SAP has deployed ZPA App Connectors in the RISE vNET, and allows connections from Syensqo's Zscaler Exchange as shown below.
Integration
The following sections describes the network design and flow for the following integration scenarios.
SAP Cloud Connector
The SAP Cloud connector are deployed in SAP RISE and acts as a reverse invocation proxy to establish network connection between SAP RISE systems and SAP BTP services (Integration suite, API management, SAP Analytics Cloud etc.) and Ariba Cloud Integration Gateway (CIG). Due to its reverse invoke capabilities, the network traffic originates from SAP Cloud connector to SAP BTP and once the link as been established, data can be exchanged between SAP RISE systems and BTP. HTTPS or RFC protocols are used between SAP Cloud Connector and S/4HANA, and HTTPS protocol is used between Cloud Connector and S/4HANA.

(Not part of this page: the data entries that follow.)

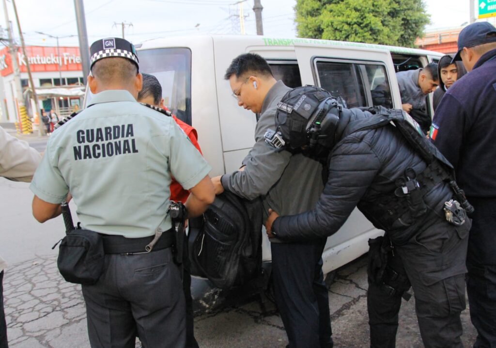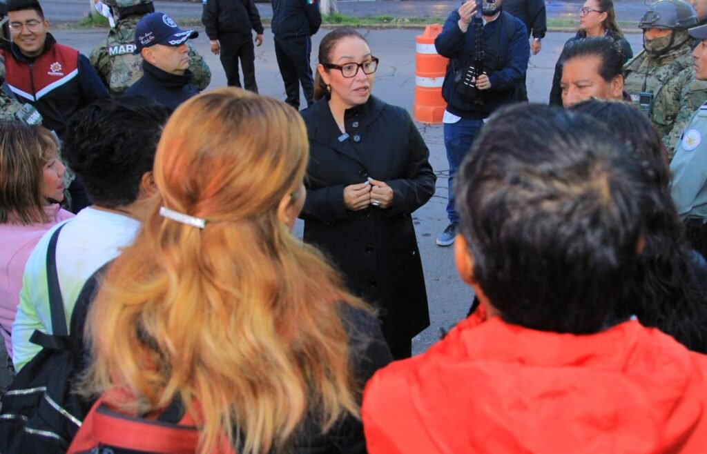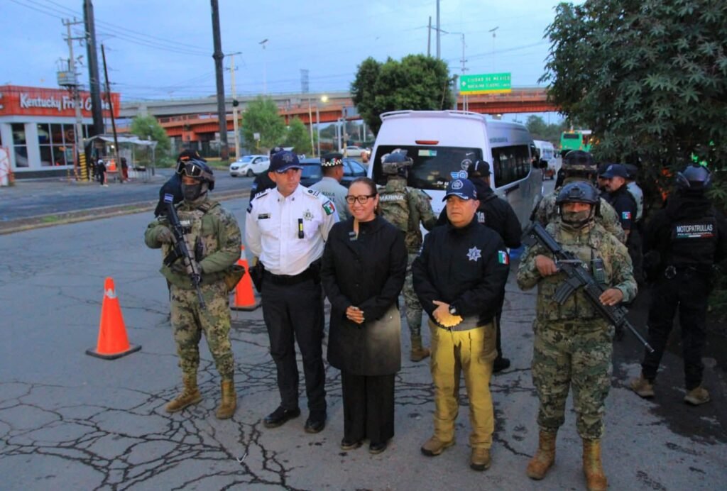 En avenida Jardines de Morelos, en el fraccionamiento del mismo nombre, la presidenta municipal supervisó el despliegue táctico de elementos municipales, policía de Género y Tránsito, Marina, Sedena y Guardia Nacional, quienes colocaron un filtro para detener unidades de transporte público, revisar a hombres y mujeres para detectar con apoyo de la Unidad Canina armas blancas o de fuego, además de prevenir agresiones a mujeres.
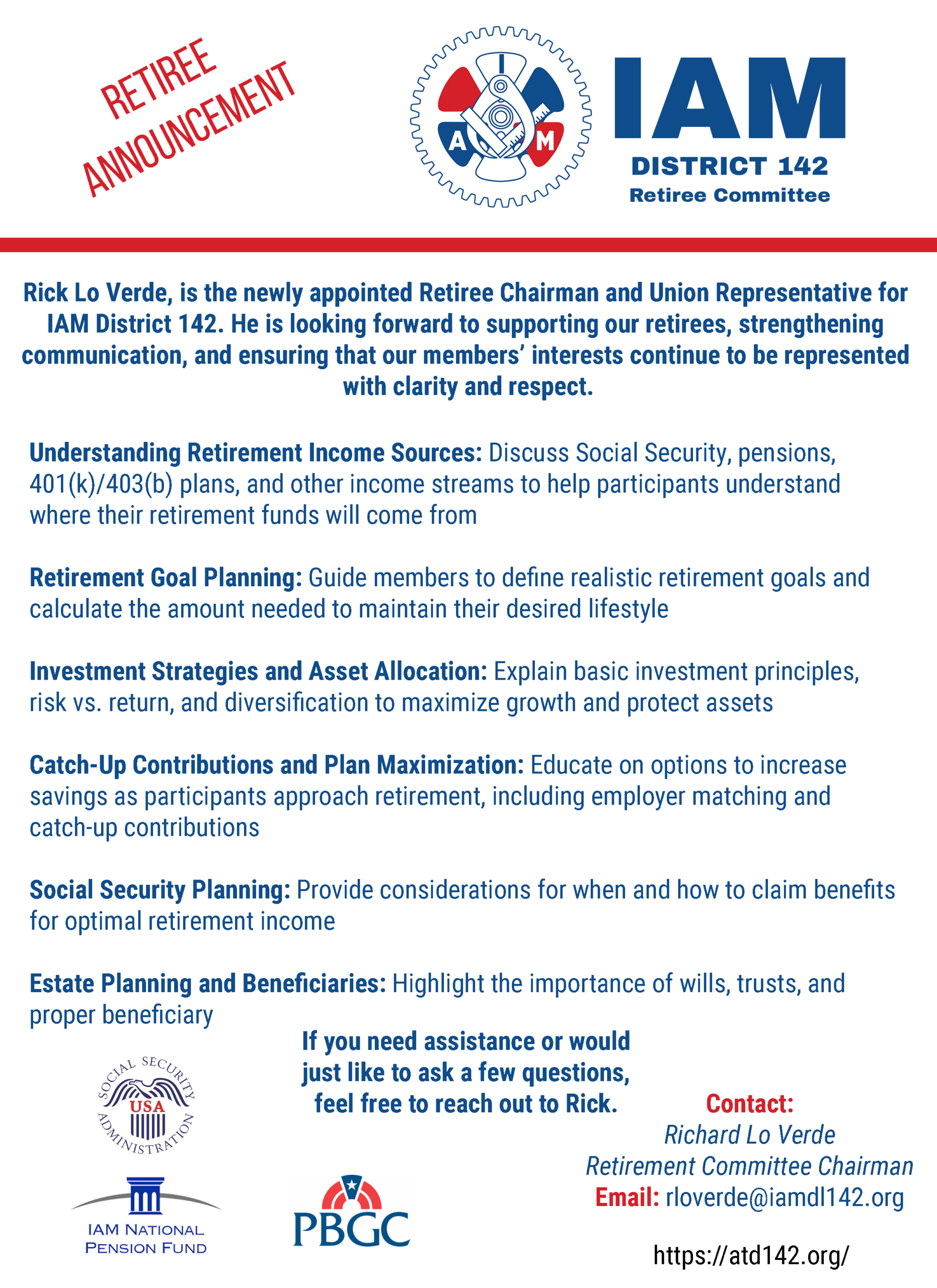 If you have any questions, suggestions, or concerns about this page, please contact DL 142 Director of Communications Todd Day at tday@iamdl142.org, or you can reach out to a General Chair.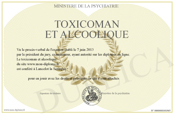 Envoyez par email votre toxicoman et alcoolique personalisé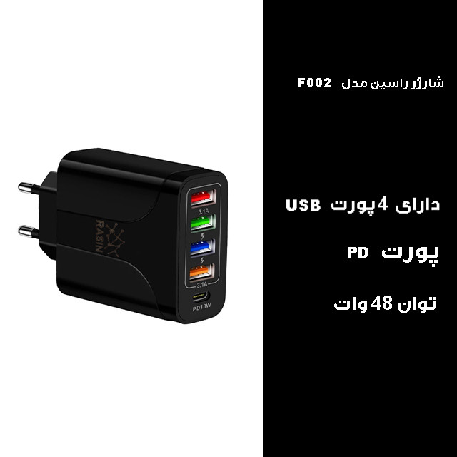 با استفاده از مدل F002 از سری شارژرهای دیواری راسین میتوانید باتری گوشی موبایل خود را شارژ کنید. توان این شارژر دیواری 48 وات است.دارای چهار درگاه خروجی USB , یک درگاه TYPE C - که PD است و میتوان باتری پنج دستگاه گوشی موبایل، تبلت، دوربین دیجیتال، موزیکپلیر و... را به صورت همزمان سریع شارژ کرده و در وقتتان صرفهجویی کنید. برای استفاده از این شارژر کافی است آن را به طور مستقیم به پریز برق خانه یا محل کارتان متصل کنید؛ سپس گوشی موبایل یا دیگر دستگاههای سازگار را با استفاده از یک کابل USB به خروجی شارژر متصل کرده و منتظر بمانید تا باتری آن شارژ شود. جنس F002 از پلاستیک ABS با کیفیت بالا ساخته شده است. مدل «F002» دارای قابلیت Power IQ است که شدتجریان دستگاه شما را به صورت هوشمند تشخیص میدهد ، در ضمن دوشاخهی بهکاررفته در آن هم با پریزهای برق ایران سازگاری دارد.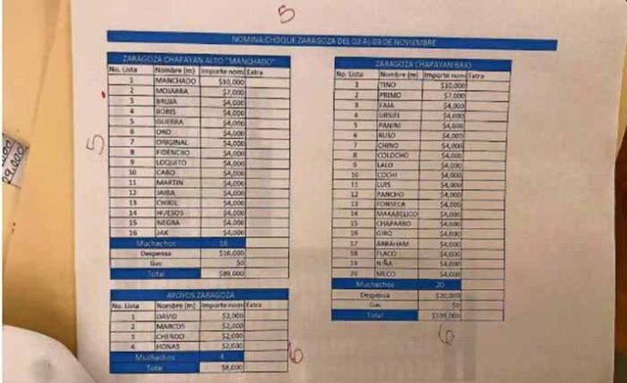 El documento de su «nómina de choque» también exhibe un gasto de 89 mil pesos hacia el concepto «Zaragoza Chapayan Alto ‘Manchado'», en donde se realizan pagos de despensa y gas a 16 «muchachos».

To enable outbound internet traffic from SAP RISE, SAP has provisioned a customer gateway server (CGS) with a forward internet proxy installed on it.

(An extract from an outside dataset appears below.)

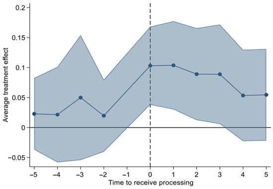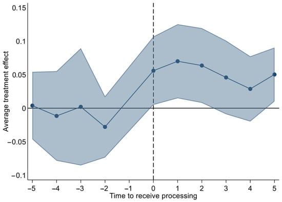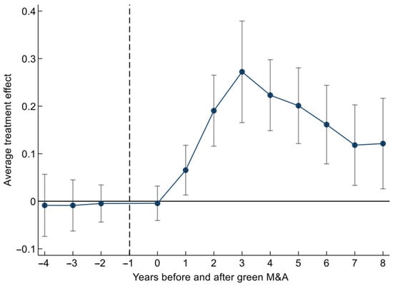 The seventh approach excluded samples that had engaged in multiple green M&A transactions during the research period. In the benchmark estimation, while the approach of designating the year of an enterprise’s first green M&A as the treatment year helps avoid overlapping treatment effects that may arise when heavily polluting firms undergo multiple green M&As across different years, it could also somewhat compromise the accuracy of the average treatment effect estimation. To address this concern, this study follows the methodology of Tang et al. [32], focusing only on heavily polluting enterprises that experienced a single green M&A. These enterprises constitute the treatment group used in the robustness test, with results presented in Column (7) of Table 5. The regression coefficient associated with green M&As remains significantly positive, thereby reinforcing the robustness of the study’s central findings.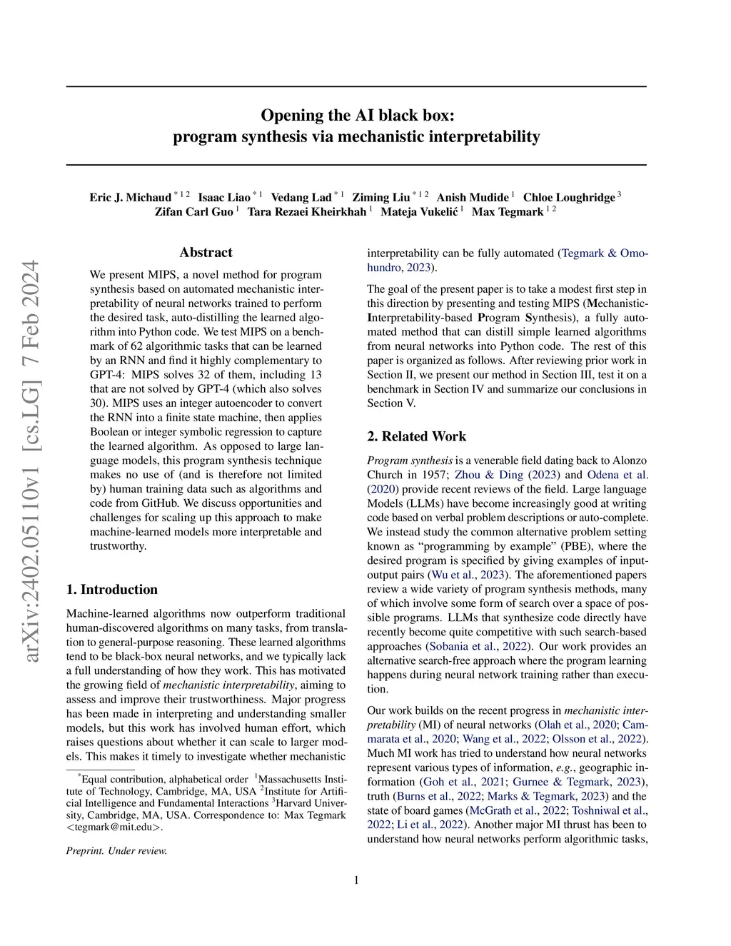 We present MIPS, a novel method for program synthesis based on automated mechanistic interpretability of neural networks trained to perform the desired task, auto-distilling the learned algorithm into Python code. We test MIPS on a benchmark of 62 algorithmic tasks that can be learned by an RNN and find it highly complementary to GPT-4: MIPS solves 32 of them, including 13 that are not solved by GPT-4 (which also solves 30). MIPS uses an integer autoencoder to convert the RNN into a finite state machine, then applies Boolean or integer symbolic regression to capture the learned algorithm. As opposed to large language models, this program synthesis technique makes no use of (and is therefore not limited by) human training data such as algorithms and code from GitHub. We discuss opportunities and challenges for scaling up this approach to make machine-learned models more interpretable and trustworthy.

EIM Data Provisioning Agent
EIM Data Provisioning Agent (DPA) is used to integrate S/4HANA and SAP Datasphere. The network connection to SAP Datasphere is initiated by DPA and CGS is used to facilitate the internet connection to SAP Datasphere.
DPA uses the HTTPS or RFC protocols to communicate with S/4HANA and uses the HTTPS protocol to communicate with SAP Datasphere.
OpenText Connector
OpenText connector facilitates the connection between S/4HANA and the OpenText cloud. The connection is initiated from S/4HANA to the OpenText connector and to OpenText cloud via CGS.
The HTTPS protocol is used for communication between all components.
SAP Router
SAP has configured a VPN connection between the Syensqo SAP RISE tenant and SAP's Management network (used by SAP support). SAP Router is deployed in SAP RISE to manage SAP support's connection to SAP systems.